START RECORD EXTRACTS

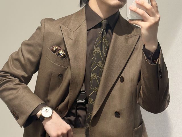 こちらのブラウンシャツは、トーンがかなり落ち着き艶も強く、ラグジュアリーな印象。
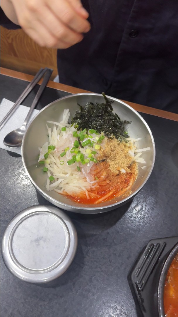살얼음물회는 흔히 아는 물회 스타일, 비빔물회는 포항쪽가니깐 이런 식으로 물회를 많이 파시더라고요? 포항 스타일인 것 같아요. 제 취향은 당연히 살얼음 동동 살얼음물회이지요. 가격이 좀 비싸지만 도다리와 가자미 회라 확실히 식감이 좋더라고요...그런데... 진짜 좀 비싸긴 했어요...물회가 25,000원이라...선뜻 시킬 수 있는 수준의 가격이 아니라 생각했는데... 손님이 엄청 많더라고요... 확실히 맛이 있는 집이긴 했어요...
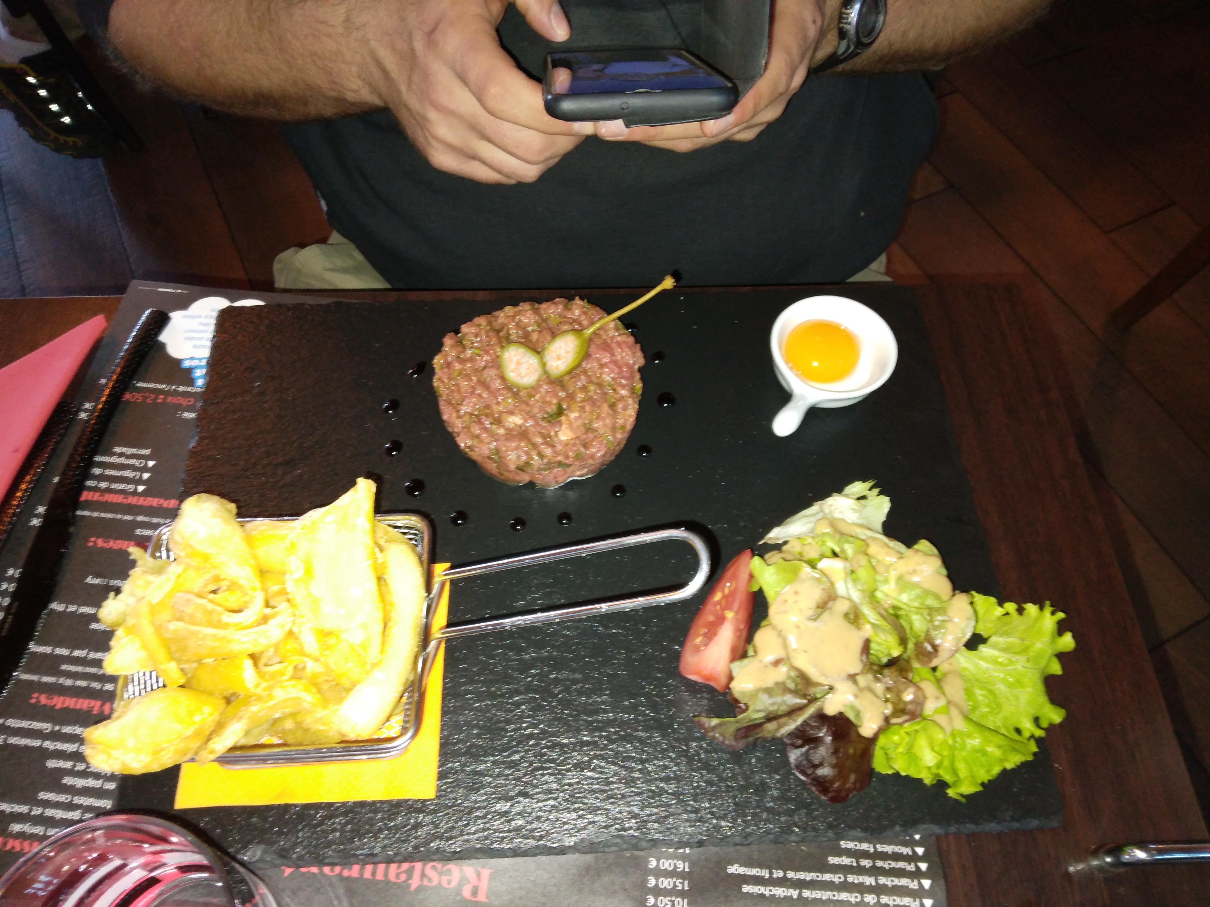 Bon service serveuse agréable. Mais au niveau de la nourriture , j'ai pris un steak tartare aucune saveur et pleins de flotte ( viande congelé ) au niveau de l accompagnement dans l assiette il ne fallait pas avoir trop faim un portion pour un enfant de 1 an sans exagérer...à éviter....
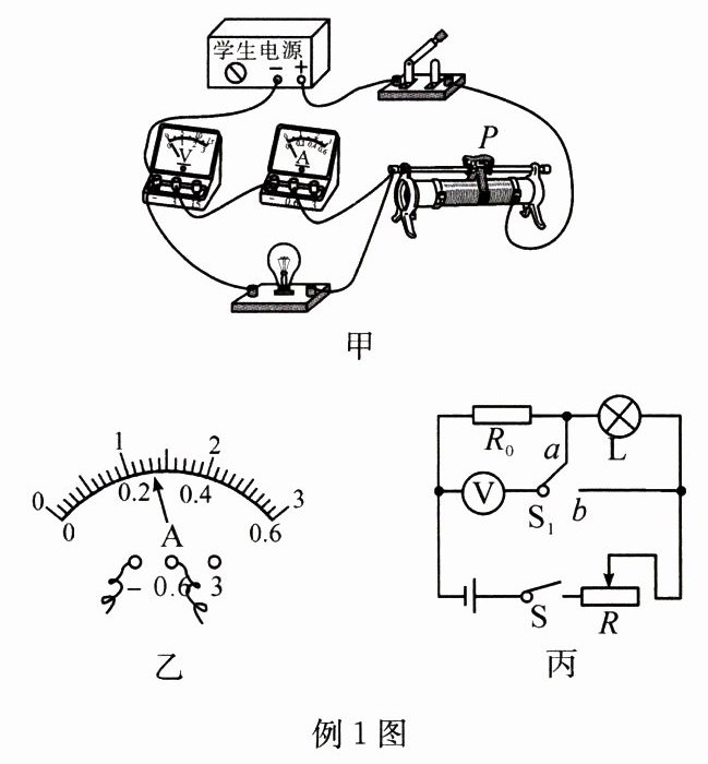 ①闭合开关 $ S $,将开关 $ S_1 $ 拨至 $ a $,调节滑动变阻器的滑片,使电压表的示数与定值电阻 $ R_0 $ 的比值为______时,小灯泡正常发光;
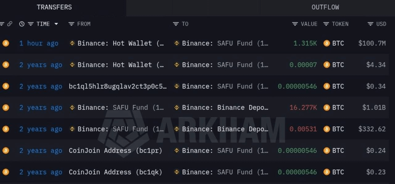 Binance a mutat $100.7M din Fondul SAFU în Bitcoin — în timp ce piața încă sângerează.
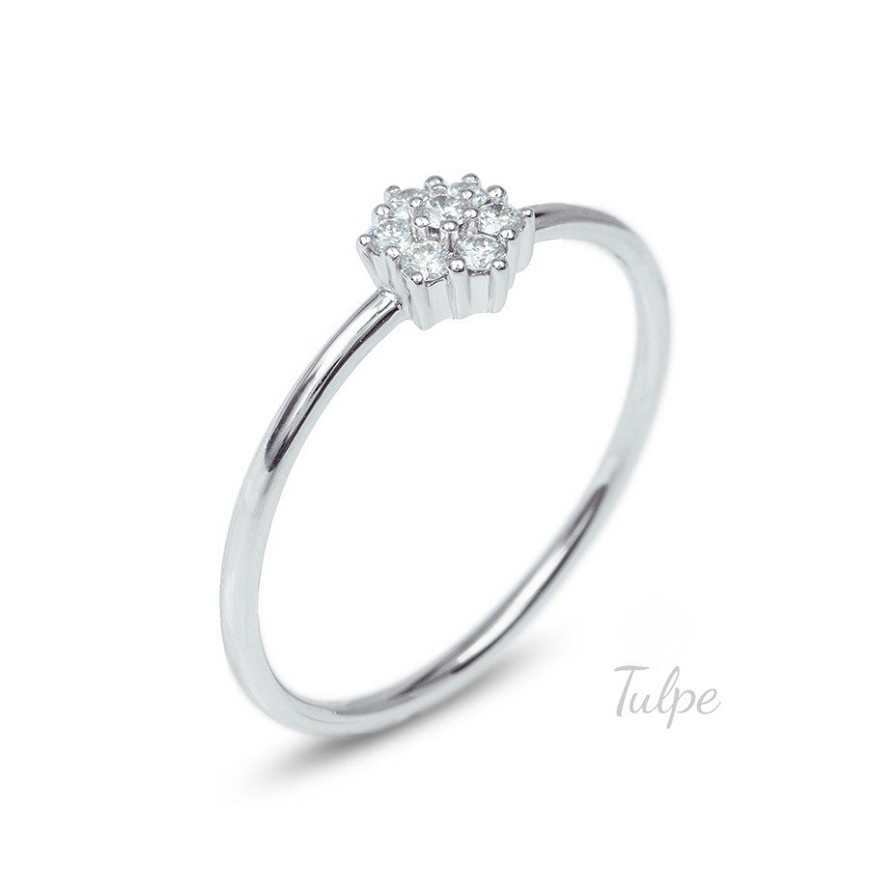 Elegáns fehérarany női gyűrű. A virág alakú fejrészbe 7 db. csillogó 1.50 mm-es gyémánt került, gondos kézi munkával befoglalva.
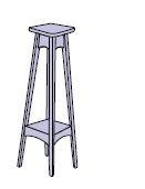 Struttura in agglomerato di abete con fondo e coperchio spessore 28 mm, racchiusa in masselli spessore 25 mm. Gambe in massello spessore 40 mm.
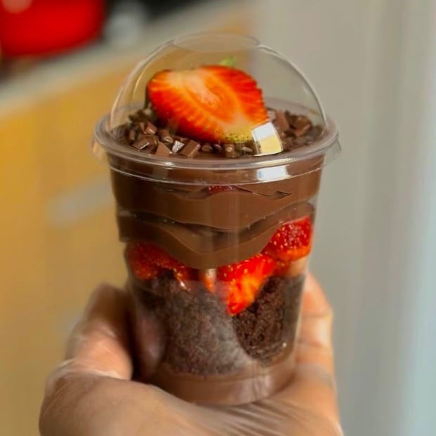 Trouxemos um copo da categoria copo da felicidade com recheio de brigadeiro gourmet e morangos frescos cortados na hora e para acompanhar um brownie esplêndido , esse copo de 150 ml traz muita doçura para você serve até 1 pessoa. #copodafelicidade #morangos #brigadeiro #regional
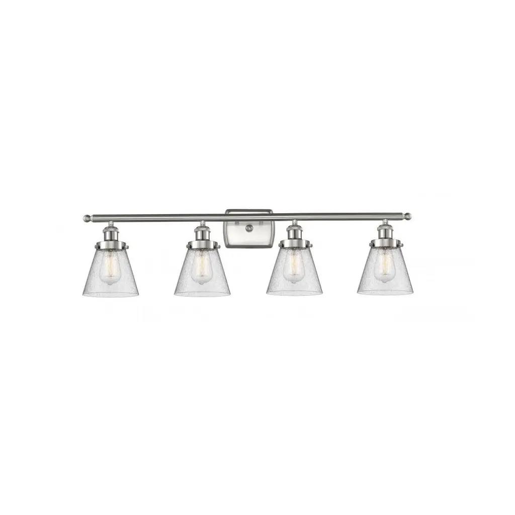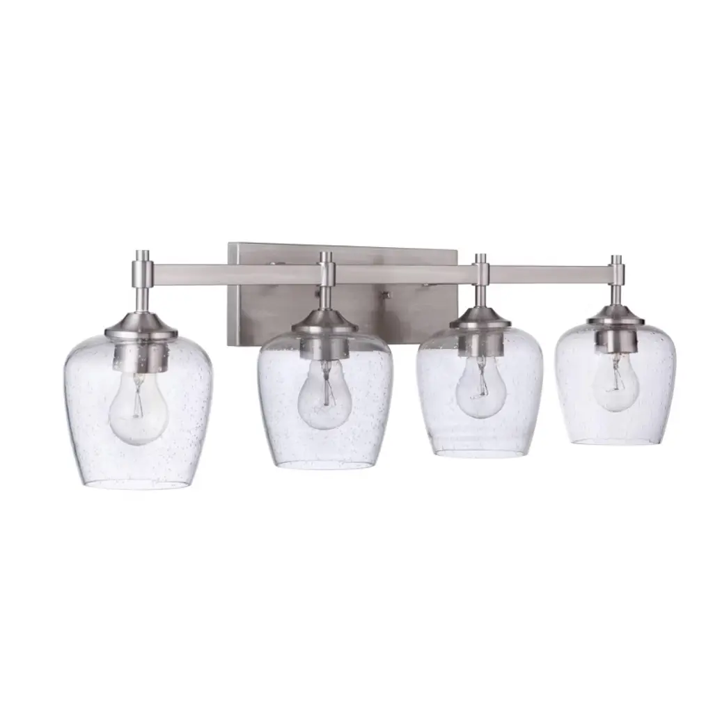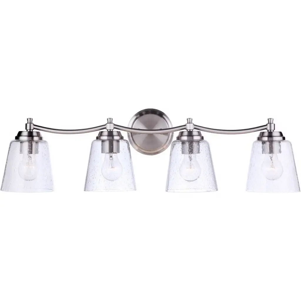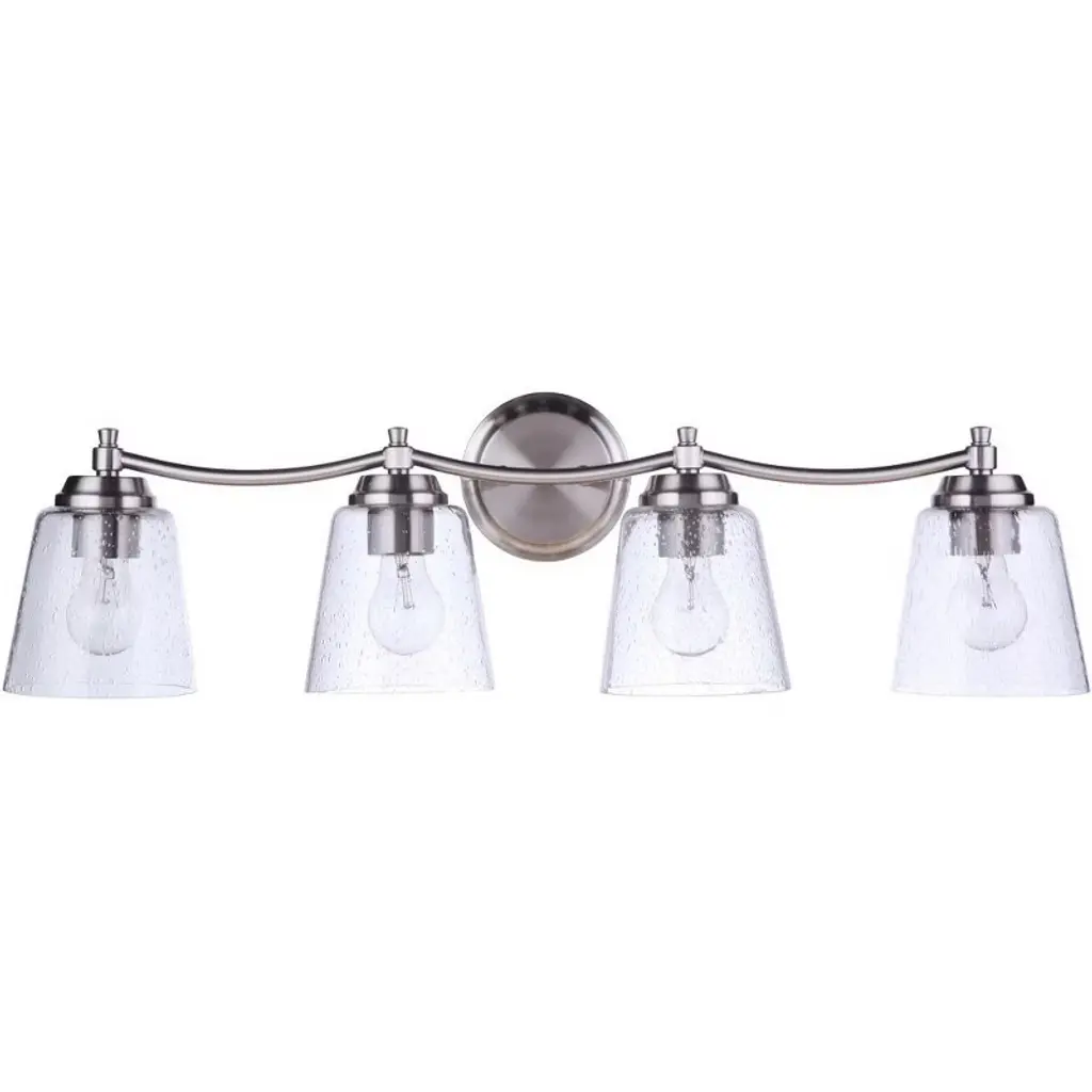 The simple and effortless design of the Tyler collection showcases clear seeded or white frosted glass and casts a warm and beautiful glow in your home. Clear seeded glass - 5.5 inchd Requires 4 medium base, 60 watt bulbs (not included) Backplate is 5.3 inch diameter Extends 7 inch from wall. Warranty: 1 Year Limited Shade Included: Yes

END RECORD EXTRACTS

**TO DO:**
Leaving every picture aside, reproduce exactly the lines above from the one with "살얼음물회는 흔히 아는" up to and including the one with "Bon service serveuse", and no others.

**OUTPUT:**
살얼음물회는 흔히 아는 물회 스타일, 비빔물회는 포항쪽가니깐 이런 식으로 물회를 많이 파시더라고요? 포항 스타일인 것 같아요. 제 취향은 당연히 살얼음 동동 살얼음물회이지요. 가격이 좀 비싸지만 도다리와 가자미 회라 확실히 식감이 좋더라고요...그런데... 진짜 좀 비싸긴 했어요...물회가 25,000원이라...선뜻 시킬 수 있는 수준의 가격이 아니라 생각했는데... 손님이 엄청 많더라고요... 확실히 맛이 있는 집이긴 했어요...
 Bon service serveuse agréable. Mais au niveau de la nourriture , j'ai pris un steak tartare aucune saveur et pleins de flotte ( viande congelé ) au niveau de l accompagnement dans l assiette il ne fallait pas avoir trop faim un portion pour un enfant de 1 an sans exagérer...à éviter....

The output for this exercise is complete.